Interest rate hikes might have a knock-on effect on renovation budgets – observers

The current renovation boom hinges on expectations that price growth will last indefinitely, observers say

Interest rate hikes might have a knock-on effect on renovation budgets – observers

Renovation payments could become casualties of possible interest rate hikes, according to industry observers.

Most Canadians have been paying for their home renovations out of their own savings stashes or through home equity lines of credit (HELOC), according to BNN Bloomberg and RATESDOTCA. Total HELOC debt stood at approximately $226.6 billion as of the end of July, following a 56.7% annual increase in the second quarter.

A major driver of the renovation boom is the expectation that current price growth trends will hold for the foreseeable future, said Winnipeg-based financial planner and investment manager Olayinka Brimoh.

“They’re assuming their house will keep rising in value, but you don’t know when you will be selling, or if there will be circumstances where you’re forced to sell your home,” Brimoh told The Globe and Mail.

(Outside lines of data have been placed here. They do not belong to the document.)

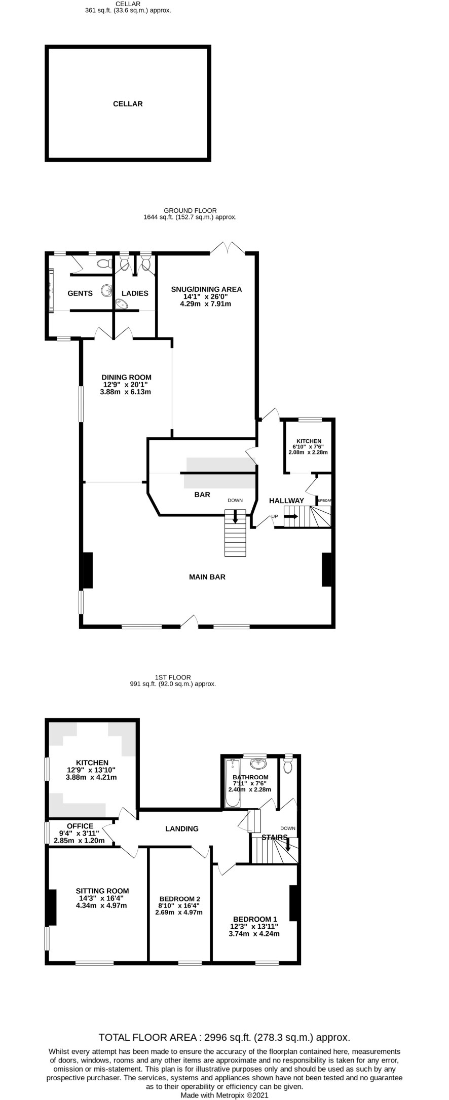 Bar, dining area, snug, ladies and gents toilets, inner hall, kitchen, cellar, stairs to first floor flat
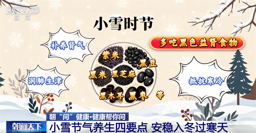 小雪时节要多吃黑色的益肾食物,如黑米、紫米、黑豆、黑芝麻、黑木耳、黑枣等,可补养肾气、抵抗寒冷、润肺生津。 多吃黑色可补肾 小雪节气 养生记牢"四个要点" 小雪节气的到来,意味着天气会越来越冷。此时养生要注意天气变化,尤其是要防寒保暖,饮食上则以御寒健脾、滋阴润肺为主。 多食苦味防"上火" 小雪时节容易出现口干舌燥、口腔溃疡、皮肤干燥的症状。"苦"为中医五味之一,具有清泄火热的作用,所以,多吃苦味食物可以有效 地"降火"。 央视网消息:11月22日,我们迎来"小雪"节气,这是农历24节气中的第20个节气。"小雪"是一个反映降水与气温的节气,也是寒潮和强冷 空气活动频数较高的节气。 多食粥汤养脾胃 冬天多食热粥有益健康,如小麦粥、萝卜粥、大枣粥等,能润泽肠胃,补养身体。冬季喝汤能驱寒、预防感冒。 寒冷刺激会让交感神经异常兴奋,进而增强心脏收缩力、引发血压波动,增加急性并发症的风险,容易导致心绞痛、心梗、中风等疾病发 生。因此,高血压患者必须坚持规律服药,并定时监测血压变化。老年人外出则建议随身携带硝酸甘油、速效救心丸等急救药物。 多饮热水促代谢 水是维持人体生命活动和健康的关键元素,每天清晨空腹喝一杯温开水,能 ...
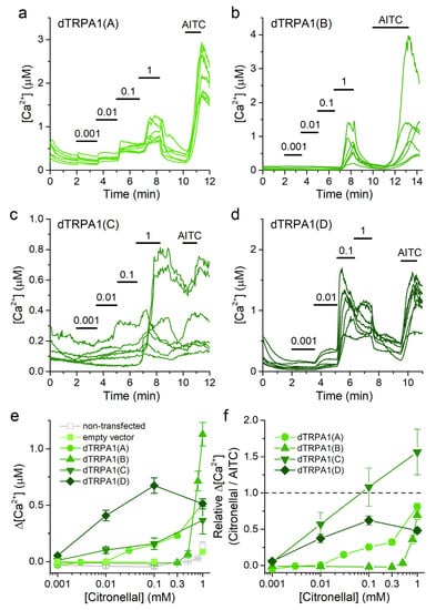 Citronellal increases intracellular [Ca2+] in cells transfected with dTRPA1 isoforms. (a–d) Example traces of changes of intracellular Ca2+ concentration induced by citronellal (0.001–1 mM) and AITC (100 µM) in HEK293T cells expressing either dTRPA1(A), dTRPA1(B), dTRPA1(C) or dTRPA1(D). (e,f) Concentration dependence of the average amplitude of intracellular Ca2+ increase induced by citronellal; panel (e) raw data and panel (f) data obtained by normalizing to the amplitude of the response to AITC in each cell. n = 102–298, 21–75, 30 and 39 for isoforms A to D, respectively.

Read more: Falling lumber prices and their impact on the mortgage industry

Another reason for the growing popularity of renovations is the addition of amenities, Hamilton-based agent Reisha Dass said.

“I can’t tell you how often I have buyers looking for pools,” Dass said. “[Before], when you had a house with a pool, it was a niche item … The upkeep didn’t make sense for people. Now, it’s so desirable.”

Amid predictions that rates will begin rising in earnest by mid-2022, homeowners need to adjust their budgets accordingly so that they can fully pay off their renovation debts ahead of the hikes, Brimoh said.